Published: Sun, December 6, 2009 @ 12:45 p.m.

By Marc Kovac

About 15 minutes before the execution, the warden approaches the cell door and reads the death warrant.

COLUMBUS — The Death House at the Southern Ohio Correctional Facility is a lone, nondescript brick building, detached from the main prison.

It’s the place where 32 Ohio inmates have been put to death since 1999, starting with Cuyahoga County murderer Wilford Berry Jr.

It’s the place Kenneth Biros, convicted in a gruesome 1991 murder in Trumbull County in which the victim was brutalized and dismembered, will take his last breaths, barring court intervention.

Biros’ execution is set for 10 a.m. Tuesday .

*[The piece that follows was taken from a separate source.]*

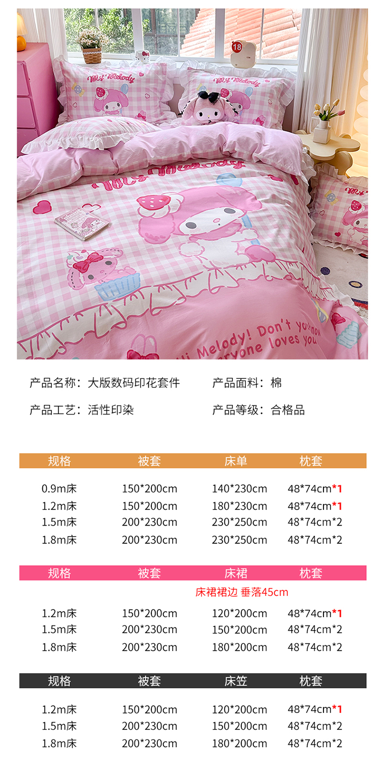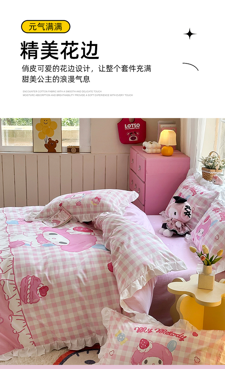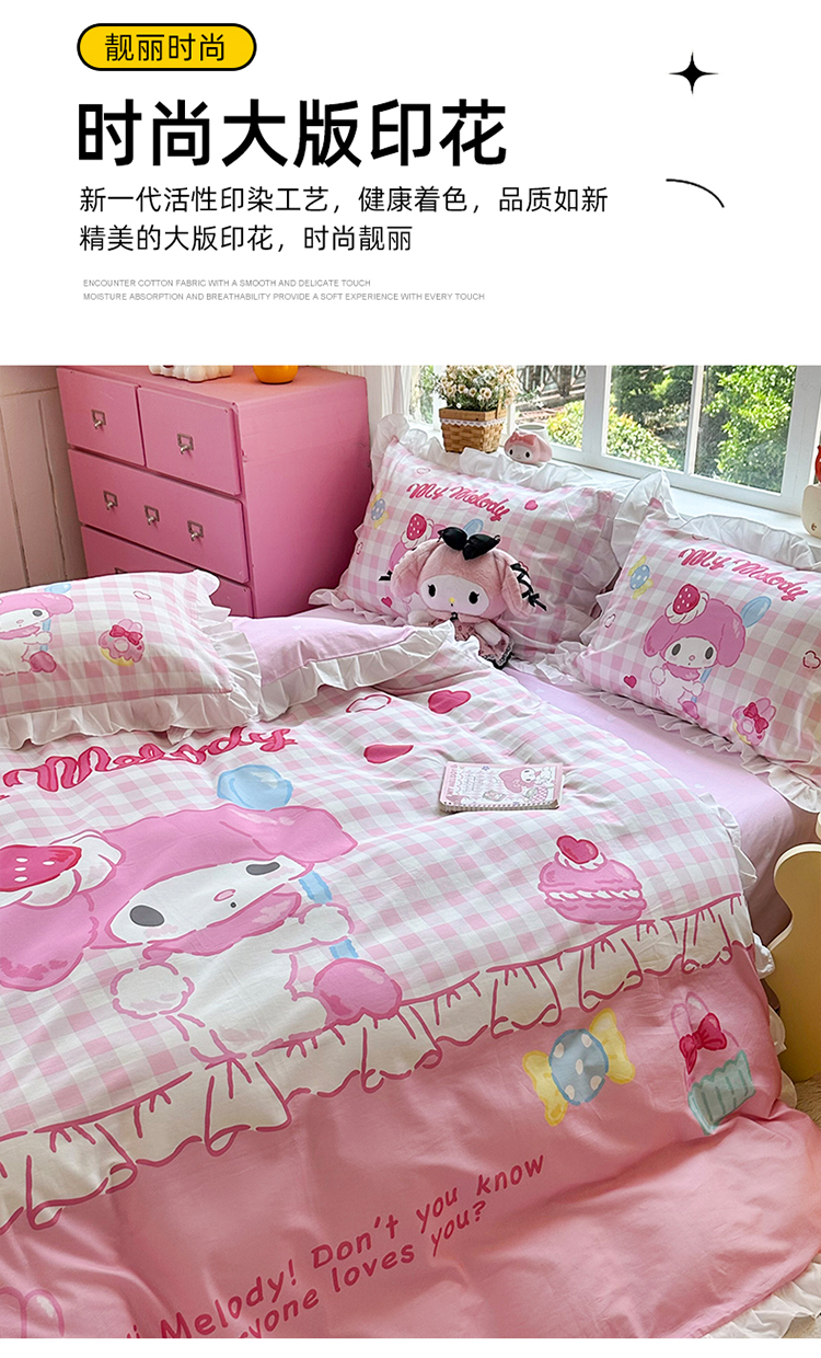 当前位置: 91家纺网 > 商品网购 > 床品套件 > 四件套 > 全棉普通四件套 > 2025新款大版三丽鸥系列 纯棉床单全棉床裙学生三四件套 花边款 星黛美乐蒂-白花边

He is scheduled to make the trip from the Ohio State Penitentiary in Youngstown to the Southern Ohio Correctional Facility in Lucasville Monday morning and will likely arrive at the prison Death House between 9 and 10 a.m.

He’ll be under constant observation by at least three execution team members the entire time he is on site, state prisons spokeswoman Julie Walburn told reporters during a media open house at the facility late last month.

Inmates spend most of their last 24 hours in a small cell that includes a bed, toilet and sink, television, compact disc player and Bible or other holy book. There are four narrow windows that can be cranked open, on request, to provide more air flow. There’s also a telephone directly outside the cell, from which the inmate can make calls.

Upon arrival, they’re allowed to take some personal belongings with them into the cell. Additionally, they’re “granted special meal requests that are reasonable and things that we can obtain,” Walburn said. “Generally, most of the food is food that we have here in the prison kitchen. We do not buy private meals from restaurants.”

Throughout the day, inmates are visited by the prison’s religious services staff and are subject to mental health and vein checks, in preparation for the next day’s execution. They also spend several hours in the evening in contact visits with family and friends in a nearby room. They’re allowed to hug and hold hands.

On the morning of the execution, inmates have cell-front visits with family and friends, legal counsel and spiritual advisers. They’re allowed to shower before preparation begins for the lethal injection.

About 15 minutes before the execution, the warden approaches the cell door and reads the death warrant to the prisoner. Then, volunteers enter the holding cell and attempt to insert IV shunts, to be used to carry the lethal injection.